Overall, we are encouraged that they find that:

  • The motivation and novelty for Sugar are clear, reasonable, and meaningful. (all Reviewers)
  • Clearly articulate the challenges faced by existing MLLMs and provide a well-defined solution. (all Reviewers)
  • The experiments are thorough, clearly showing that the proposed framework can excel well at both comprehension and discrimination tasks. (Reviewers Lcdg and Reviewers DDMF)
  • The effect of combining our retriever and generator is interesting, which can inspire fellow works (Reviewer Lcdg).

To address the concerns raised by the reviewers, overall we have conducted several additional experiments and analyses:

  • We further validated Sugar's effectiveness using more data equivalent to the baseline, as shown in Tables B and C of the Rebuttal PDF.
  • We present the performance across 5 tasks of 3 new types (in-context, multi-image, visual prompt comprehension) to more comprehensively evaluate our model's capabilities in Table E of the Rebuttal PDF.
  • We conducted a more detailed dataset and method ablations to verify the stability of Sugar and the effectiveness of each component in Sugar in Table G of the Rebuttal PDF.
  • We validated the 2 tasks requiring external knowledge in Table D of the Rebuttal PDF to demonstrate the benefit of combining retrieval and comprehension abilities in a single model, thereby avoiding compatibility issues and sub-optimal performance.

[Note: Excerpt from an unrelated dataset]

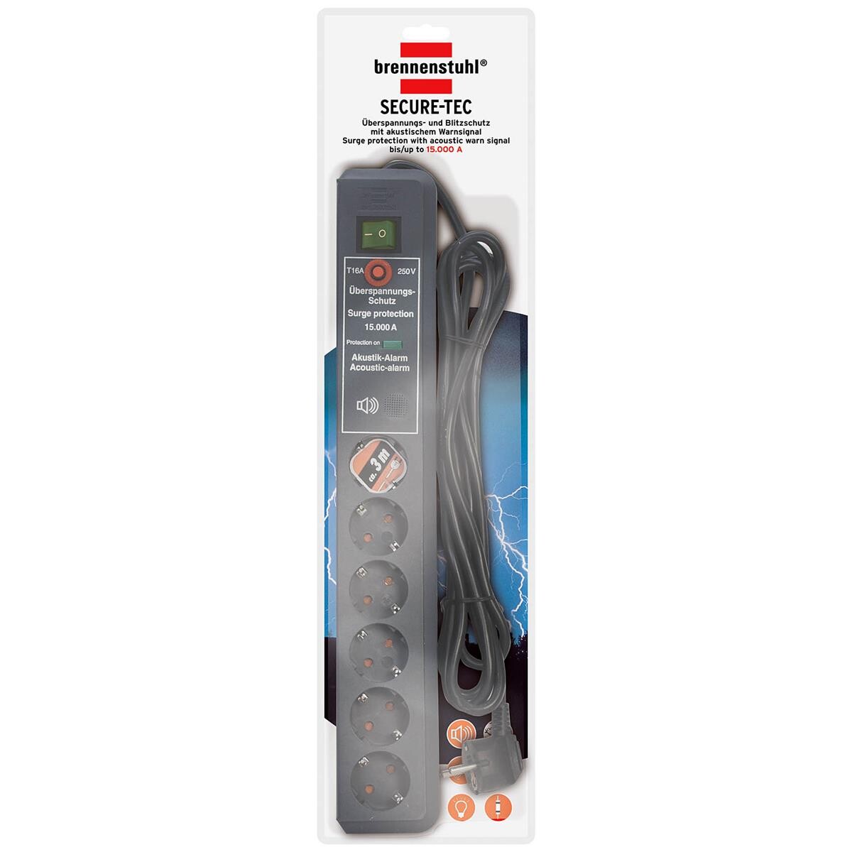 Brennenstuhl Secure-Tec Surge Protection 15.000 A - 6 AC-Ausgänge - 3500 W - Schwarz - 3 m
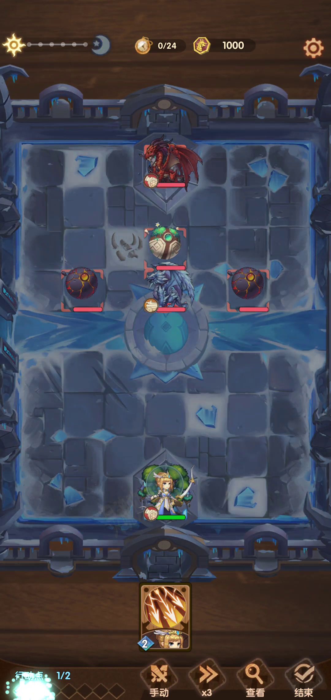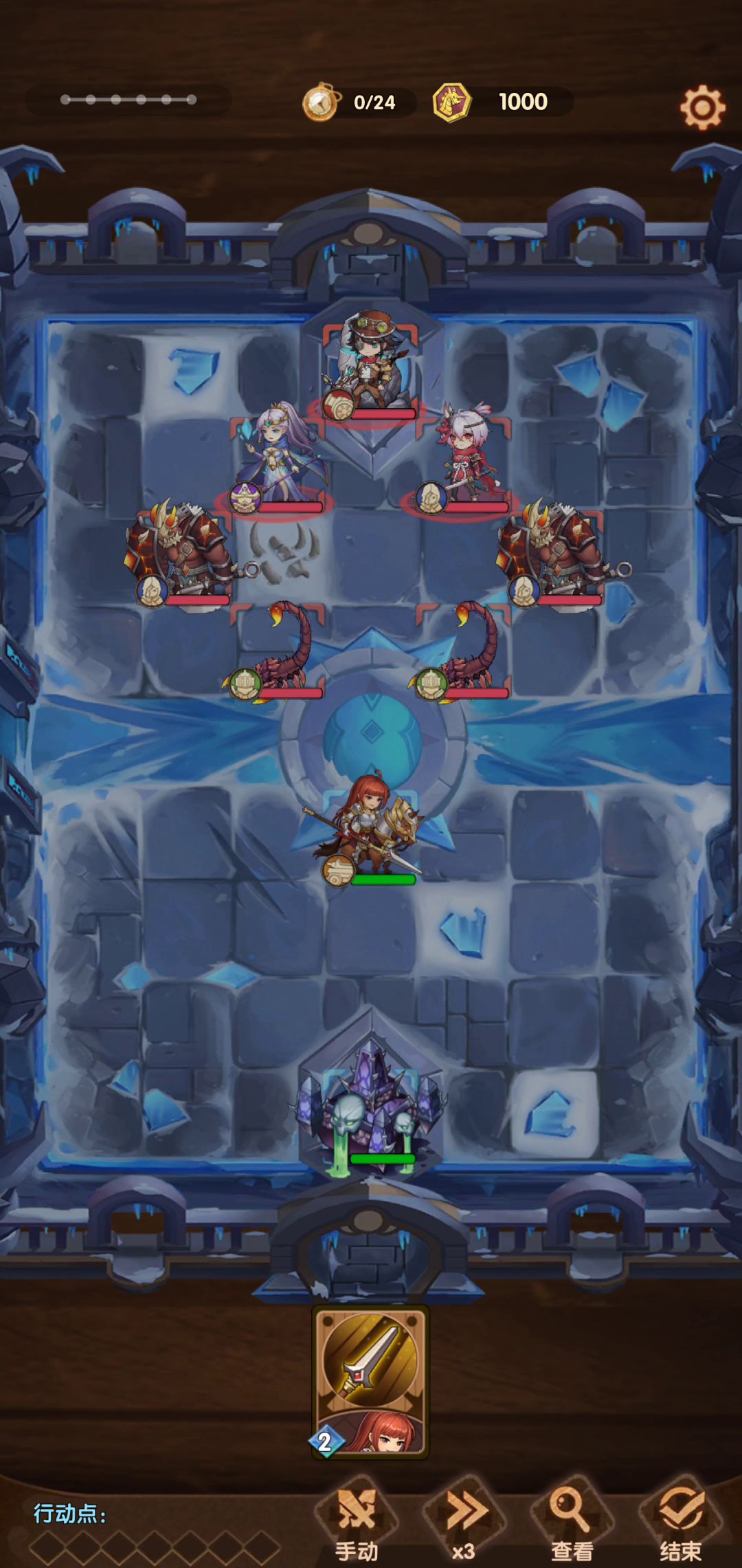 先上场上骷髅骑士吃堕天使大,堕天使会默认大最先上场的,城堡带战士天赋,核心打法就是带一个狂奔战士杀穿。

Next, we address each reviewer's detailed concerns point by point. We sincerely thank all reviewers for their recognition of our work and the valuable suggestions provided! And discussions are always open. Thank you!

最终决定

This paper proposes a novel method for unifying generative and discriminative training paradigms in multi-modal large language models (MLLMs). The approach aims to address the limitations of existing Vision-Language Models (VLMs) by integrating generative training, which typically struggles with issues like hallucinations, and discriminative training, which often falls short in complex scenarios requiring fine-grained semantic differentiation. The authors introduce a structure-induced training strategy that leverages dynamic sequence alignment within the Dynamic Time Warping (DTW) framework, enhancing the model's ability to capture both global and fine-grained semantics. After the rebuttal, this paper received all positive recommendations (two weak accepts and one borderline accept). The major concern from reviewers was about the Sugar's effectiveness, which has been addressed in the rebuttal. The AC agrees with the reviewer’s assessments and recommends accepting the paper.